Supplied records:
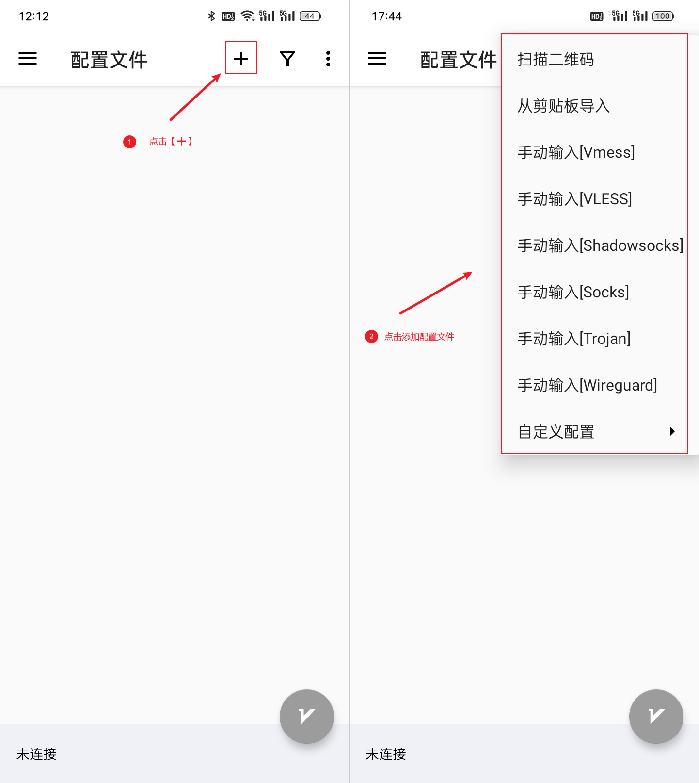 获得节点服务器信息后,就可以开始添加配置文件了,点击软件主界面右上角的 ➕ 号按钮即可出现添加配置文件选项,如上图 V2rayNG 主界面所示,根据不同的节点添加不同的节点服务器配置文件。
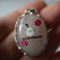 ローズクォーツとシマエナガ、コスモスのネックレス 金箔 24k ネックレス
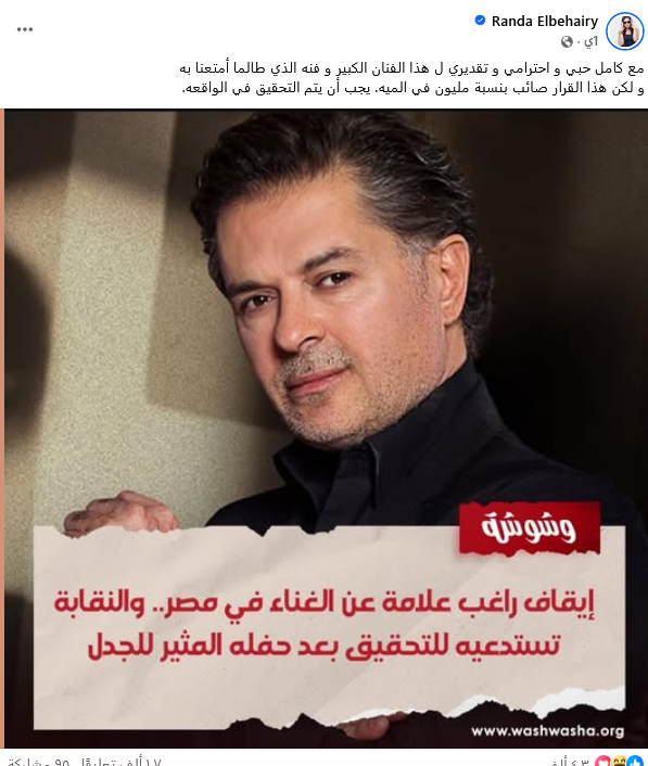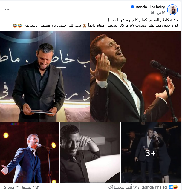 بعد أزمة النجم راغب علامة شاركت الفنانة راندا البحيري منشوراً عبر صفحتها الرسمية بموقع فيسبوك تمازح من خلاله جمهورها وذلك بمناسبة اقتراب حفلة كاظم الساهر في الساحل الشمالي.
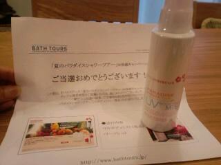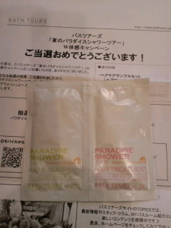 5月31日の日記で、シャンプー&トリートメントが当たった~と書かせていただきましたが、さらにそのWチャンスで、これが当たりました~☆ハイビスカス&フルーツのうるおいで、みずみずしく紫外線対策バスツアーズパラダイスシャワー UVボディミスト 100これからの季節に重宝しそうで嬉しい~♪プシュッとしてササッと伸ばして使えて良い匂いも長持ちする感じなので気持ちいいです。すごくサラサラではないかもですがベタベタすることはないし、普段のお出かけには手軽で良い感じです。バスツアーズの商品は他のシリーズもとっても良い匂いでとっても好きなのですが、このパラダイスシャワーシリーズは柑橘系の爽やかな香りでこれからの季節には特に気持ち良い香りですよオレンジベースの香りということですが私にはグレープフルーツの香りのように感じますシャンプーとトリートメントも先ず香りが良くてそれだけでも気持ちが良いのですが泡立ちと洗い心地がほんとに気持ち良いんです私は髪の毛が長いので、すぐからまっちゃうんですけどこちらのシャンプーだと指通り良くなめらかに洗えるのでシャンプーしてるときの引っかかるストレスもなくて香りも良いし、ほんとにリラックスできる感じです。リサージ バスツアーズパラダイスシャワーツアー(ヘアウォッシュ)ちょっとお高いかなとも思いますが、少しの量でも気持ちよく洗えるからけっこう長持ちします。シャンプーとかトリートメントは、他にも気に入っているものもあるし季節とか気分とか懐具合にあわせてころころ変えて使っていますが、こちらもそのローテーションの中のひとつに仲間入りしましたもともとバスツアーズの商品に出会ったのは何年か前の日航かどこかの宿泊の特典だったんですが、その時は確かトマトとバジルの香りとかもあって恐る恐る使ってみたらすご~く良い匂いで、さらに洗い心地もほんとに良かったので帰ってきてからネットで調べてメルマガにも登録しちゃたという次第です。皆様も、たまに変えてみたいな~と思ったらぜひ使ってみて下さい。お風呂の中が良い匂いに包まれて楽しいシャンプータイムになりますよ
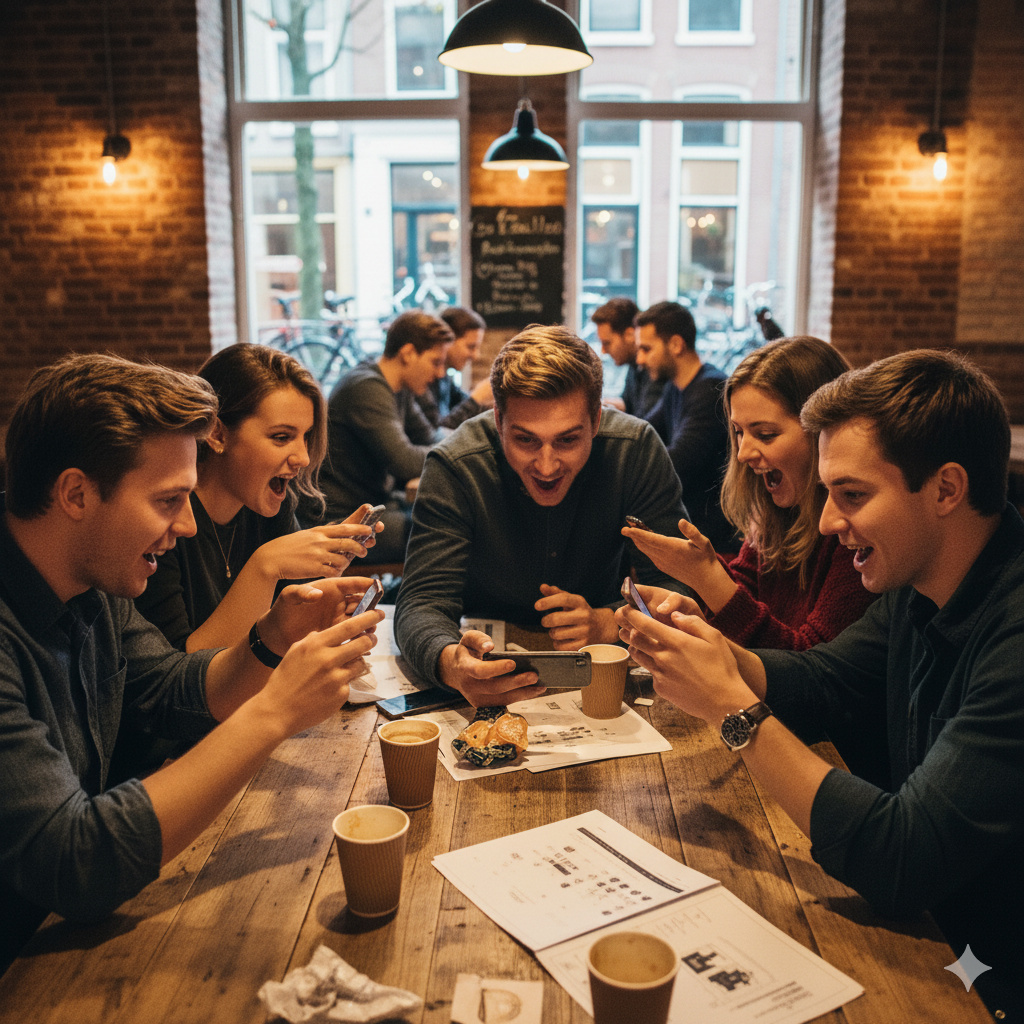 Codekrakers speel je op je eigen locatie: thuis, op kantoor, in een café of restaurant. Alles wat je nodig hebt is een tafel met wat stoelen of krukken en natuurlijk een opgeladen telefoon.
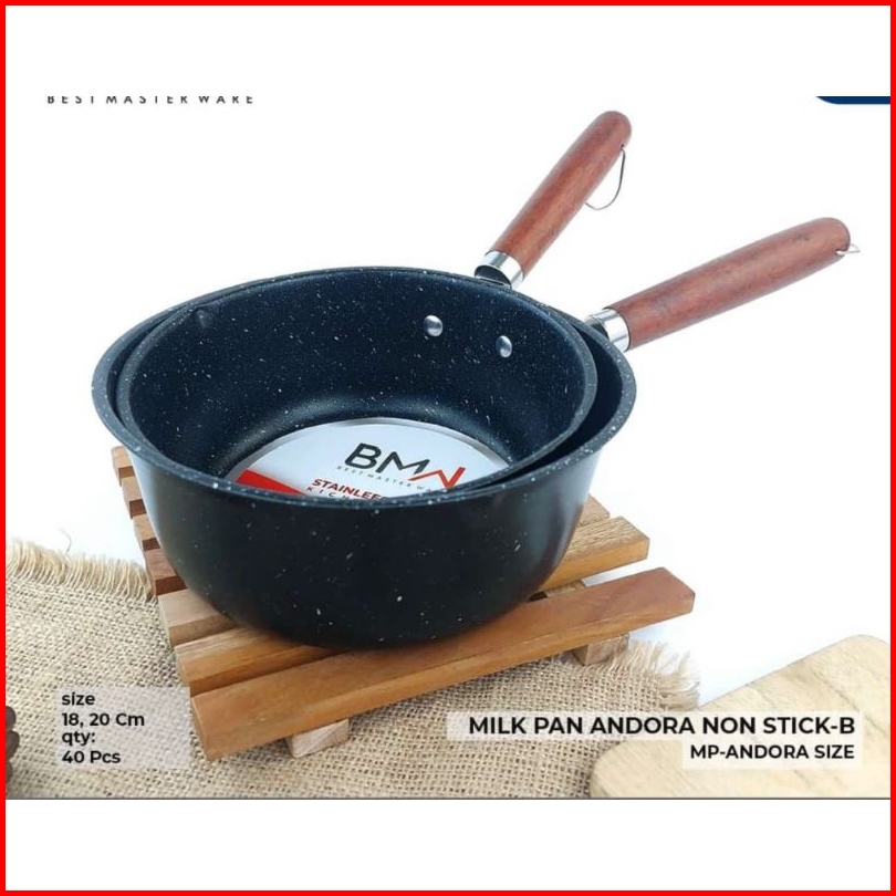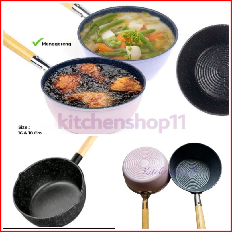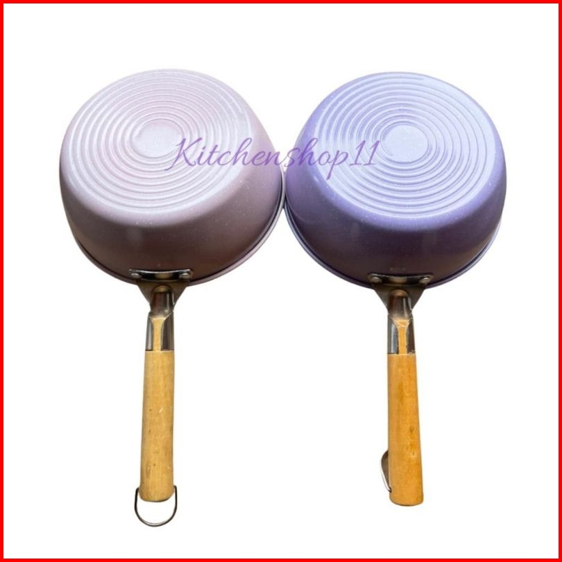 Panci Susu Marble Anti Lengket 20cm Gagang Kayu Bisa Induksi Panci Masak Mie Induksi Milk Pot Bintik Hitam Tebal Gagang

What is needed: Print, word for word, the lines above that run from the line containing "ローズクォーツとシマエナガ、コスモスのネックレス 金箔 24k ネックレス" to the line containing "بعد أزمة النجم", both included. Keep the pictures out.

Problem solution:
 ローズクォーツとシマエナガ、コスモスのネックレス 金箔 24k ネックレス
 بعد أزمة النجم راغب علامة شاركت الفنانة راندا البحيري منشوراً عبر صفحتها الرسمية بموقع فيسبوك تمازح من خلاله جمهورها وذلك بمناسبة اقتراب حفلة كاظم الساهر في الساحل الشمالي.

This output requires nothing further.